══ Supplied data ══

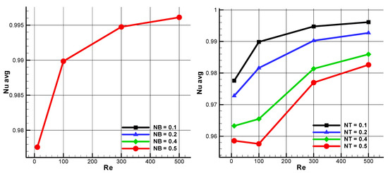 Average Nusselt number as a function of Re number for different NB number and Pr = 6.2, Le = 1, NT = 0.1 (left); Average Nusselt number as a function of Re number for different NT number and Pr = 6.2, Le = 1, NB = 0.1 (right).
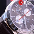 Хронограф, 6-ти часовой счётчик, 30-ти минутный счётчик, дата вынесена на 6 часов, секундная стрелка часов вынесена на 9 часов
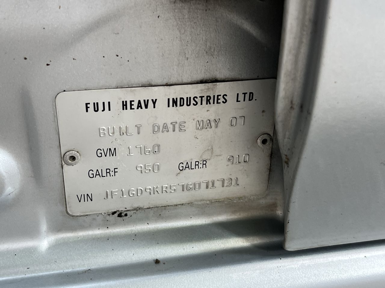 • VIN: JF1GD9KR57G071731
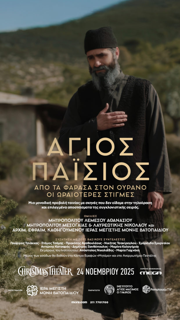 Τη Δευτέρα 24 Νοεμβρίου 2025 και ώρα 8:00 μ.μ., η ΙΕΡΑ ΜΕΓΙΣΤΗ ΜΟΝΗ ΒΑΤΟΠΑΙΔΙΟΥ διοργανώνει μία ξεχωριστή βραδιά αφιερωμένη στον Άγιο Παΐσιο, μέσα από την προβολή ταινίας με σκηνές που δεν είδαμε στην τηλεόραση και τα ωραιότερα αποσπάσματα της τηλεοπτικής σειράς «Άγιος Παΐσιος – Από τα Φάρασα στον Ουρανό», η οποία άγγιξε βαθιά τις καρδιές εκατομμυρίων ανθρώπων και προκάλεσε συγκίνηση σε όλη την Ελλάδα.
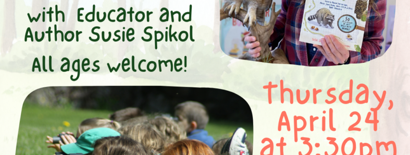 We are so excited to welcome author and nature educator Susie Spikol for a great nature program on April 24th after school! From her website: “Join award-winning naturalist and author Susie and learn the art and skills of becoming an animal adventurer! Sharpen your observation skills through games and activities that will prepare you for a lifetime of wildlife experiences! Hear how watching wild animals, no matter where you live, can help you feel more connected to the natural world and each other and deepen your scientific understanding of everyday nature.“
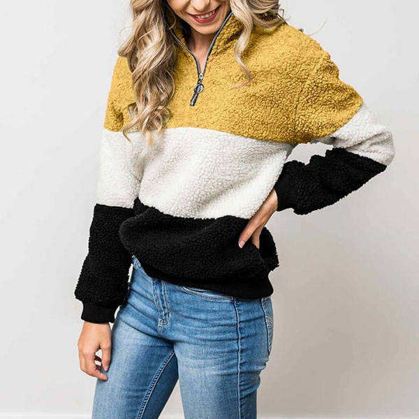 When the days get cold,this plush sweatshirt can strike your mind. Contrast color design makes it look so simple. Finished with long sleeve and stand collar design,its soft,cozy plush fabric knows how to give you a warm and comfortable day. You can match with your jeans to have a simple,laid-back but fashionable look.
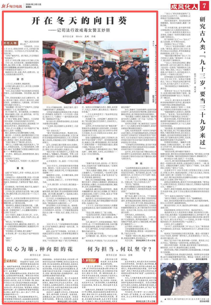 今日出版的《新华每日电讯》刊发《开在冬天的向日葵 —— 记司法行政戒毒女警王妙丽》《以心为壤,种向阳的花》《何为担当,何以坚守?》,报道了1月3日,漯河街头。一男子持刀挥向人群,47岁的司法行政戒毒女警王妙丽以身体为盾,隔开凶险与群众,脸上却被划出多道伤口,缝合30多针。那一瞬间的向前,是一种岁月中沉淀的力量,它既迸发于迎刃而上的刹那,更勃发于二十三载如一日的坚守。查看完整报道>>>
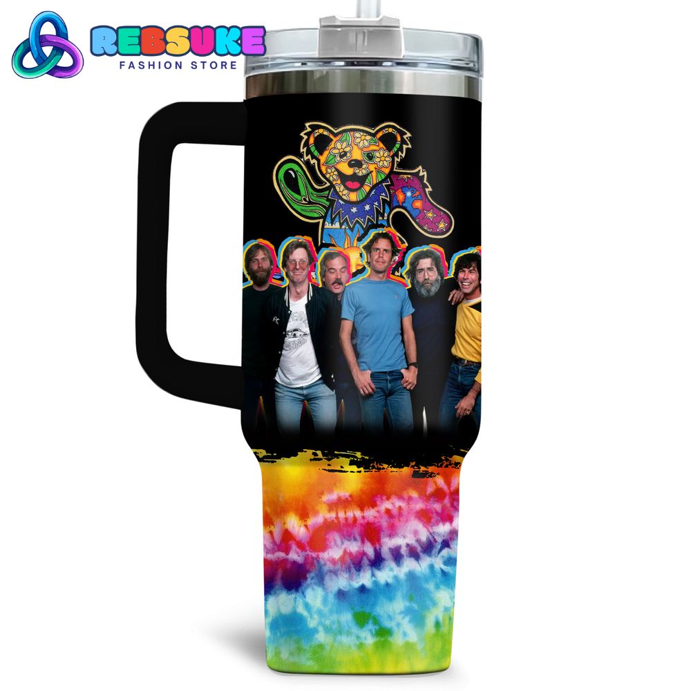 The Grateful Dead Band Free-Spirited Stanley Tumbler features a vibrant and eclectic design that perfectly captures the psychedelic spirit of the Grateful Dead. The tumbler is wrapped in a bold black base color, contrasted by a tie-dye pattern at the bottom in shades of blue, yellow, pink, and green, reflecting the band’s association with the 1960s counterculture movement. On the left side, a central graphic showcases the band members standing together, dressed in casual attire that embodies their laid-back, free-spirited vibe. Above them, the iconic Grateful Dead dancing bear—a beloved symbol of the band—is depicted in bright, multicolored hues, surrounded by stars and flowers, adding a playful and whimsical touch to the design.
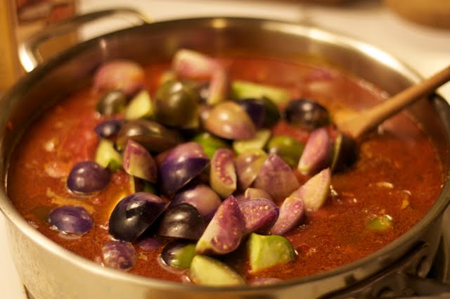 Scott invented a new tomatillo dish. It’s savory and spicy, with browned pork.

═══
══ Supplied data ══

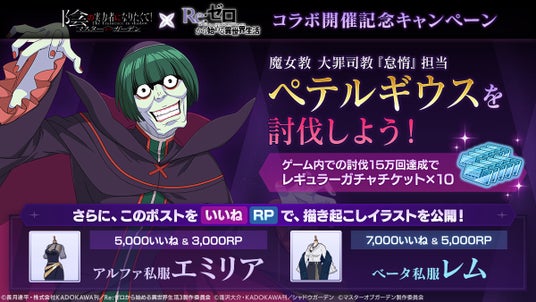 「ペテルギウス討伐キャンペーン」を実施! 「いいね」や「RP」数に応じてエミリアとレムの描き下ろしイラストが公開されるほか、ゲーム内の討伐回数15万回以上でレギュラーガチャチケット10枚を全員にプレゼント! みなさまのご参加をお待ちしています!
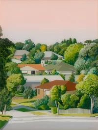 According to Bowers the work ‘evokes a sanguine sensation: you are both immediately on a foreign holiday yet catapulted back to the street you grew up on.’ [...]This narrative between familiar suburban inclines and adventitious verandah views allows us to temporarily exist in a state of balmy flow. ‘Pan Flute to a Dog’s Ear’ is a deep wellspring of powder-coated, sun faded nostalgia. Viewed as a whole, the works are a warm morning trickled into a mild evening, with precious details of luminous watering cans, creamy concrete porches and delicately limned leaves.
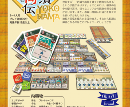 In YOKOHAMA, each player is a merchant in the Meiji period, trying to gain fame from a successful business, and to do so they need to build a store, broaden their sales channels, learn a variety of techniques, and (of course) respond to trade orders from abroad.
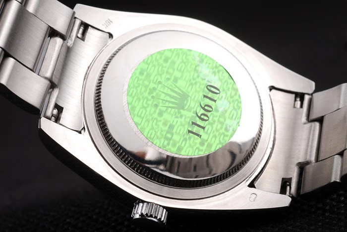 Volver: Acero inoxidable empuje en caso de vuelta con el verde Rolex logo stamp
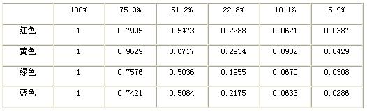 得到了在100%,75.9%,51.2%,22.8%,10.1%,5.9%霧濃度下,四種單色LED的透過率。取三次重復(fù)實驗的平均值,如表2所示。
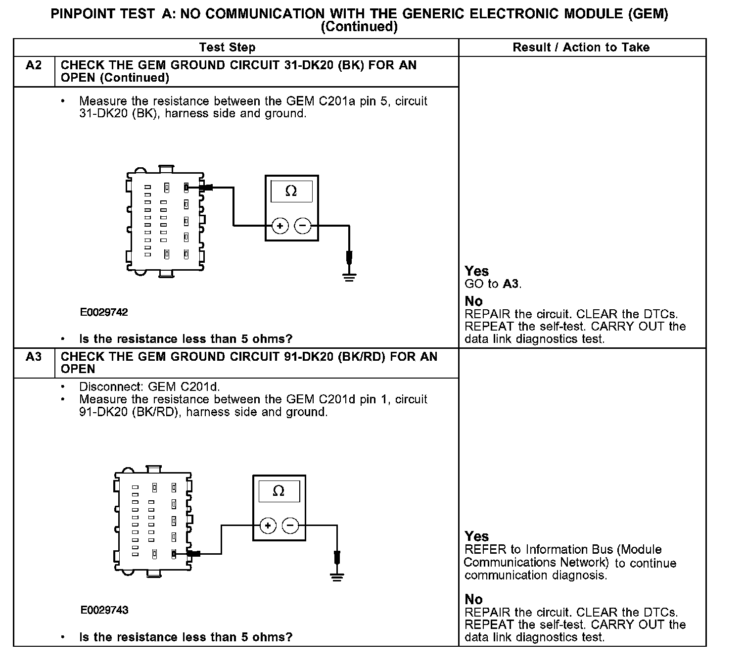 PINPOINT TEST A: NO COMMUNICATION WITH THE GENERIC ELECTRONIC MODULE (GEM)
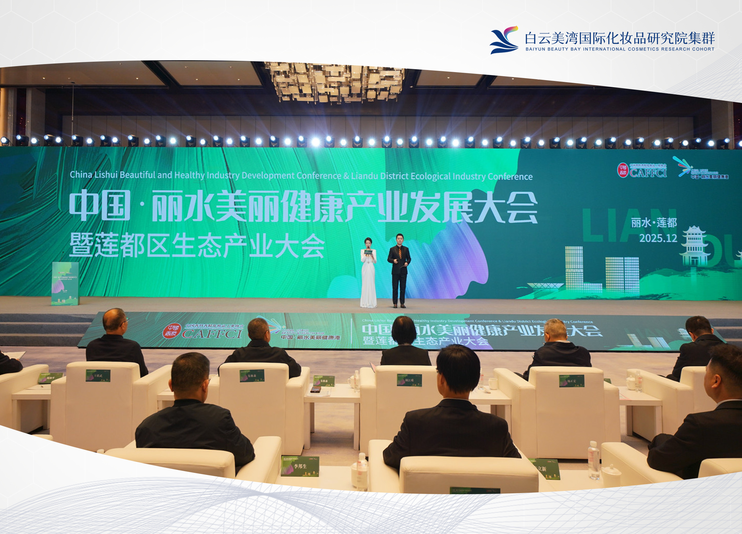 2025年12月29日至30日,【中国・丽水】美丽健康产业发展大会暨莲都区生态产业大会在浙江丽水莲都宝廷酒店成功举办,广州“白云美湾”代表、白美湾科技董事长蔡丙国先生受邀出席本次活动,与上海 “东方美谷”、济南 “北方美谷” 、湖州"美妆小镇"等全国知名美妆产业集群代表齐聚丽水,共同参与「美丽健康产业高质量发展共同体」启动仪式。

═══
══ Supplied data ══

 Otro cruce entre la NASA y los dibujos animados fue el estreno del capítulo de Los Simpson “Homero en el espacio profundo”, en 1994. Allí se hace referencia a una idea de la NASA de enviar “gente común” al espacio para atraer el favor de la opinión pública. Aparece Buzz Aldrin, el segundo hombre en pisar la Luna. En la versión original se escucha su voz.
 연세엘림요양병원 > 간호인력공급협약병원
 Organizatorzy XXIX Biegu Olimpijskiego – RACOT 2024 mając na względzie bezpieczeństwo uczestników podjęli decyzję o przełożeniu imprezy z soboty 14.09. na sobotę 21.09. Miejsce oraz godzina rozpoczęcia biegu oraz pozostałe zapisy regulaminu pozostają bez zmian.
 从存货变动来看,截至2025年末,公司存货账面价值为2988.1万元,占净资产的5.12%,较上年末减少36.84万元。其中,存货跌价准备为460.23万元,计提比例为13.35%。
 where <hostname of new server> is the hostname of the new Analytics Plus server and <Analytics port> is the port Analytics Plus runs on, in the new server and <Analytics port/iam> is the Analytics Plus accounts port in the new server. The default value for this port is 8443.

═══

Above are the records; copy from them only the lines starting at the one containing "Volver: Acero inoxidable" and ending at the one containing "PINPOINT TEST A: NO", exactly and without pictures.

 Volver: Acero inoxidable empuje en caso de vuelta con el verde Rolex logo stamp
 得到了在100%,75.9%,51.2%,22.8%,10.1%,5.9%霧濃度下,四種單色LED的透過率。取三次重復(fù)實驗的平均值,如表2所示。
 PINPOINT TEST A: NO COMMUNICATION WITH THE GENERIC ELECTRONIC MODULE (GEM)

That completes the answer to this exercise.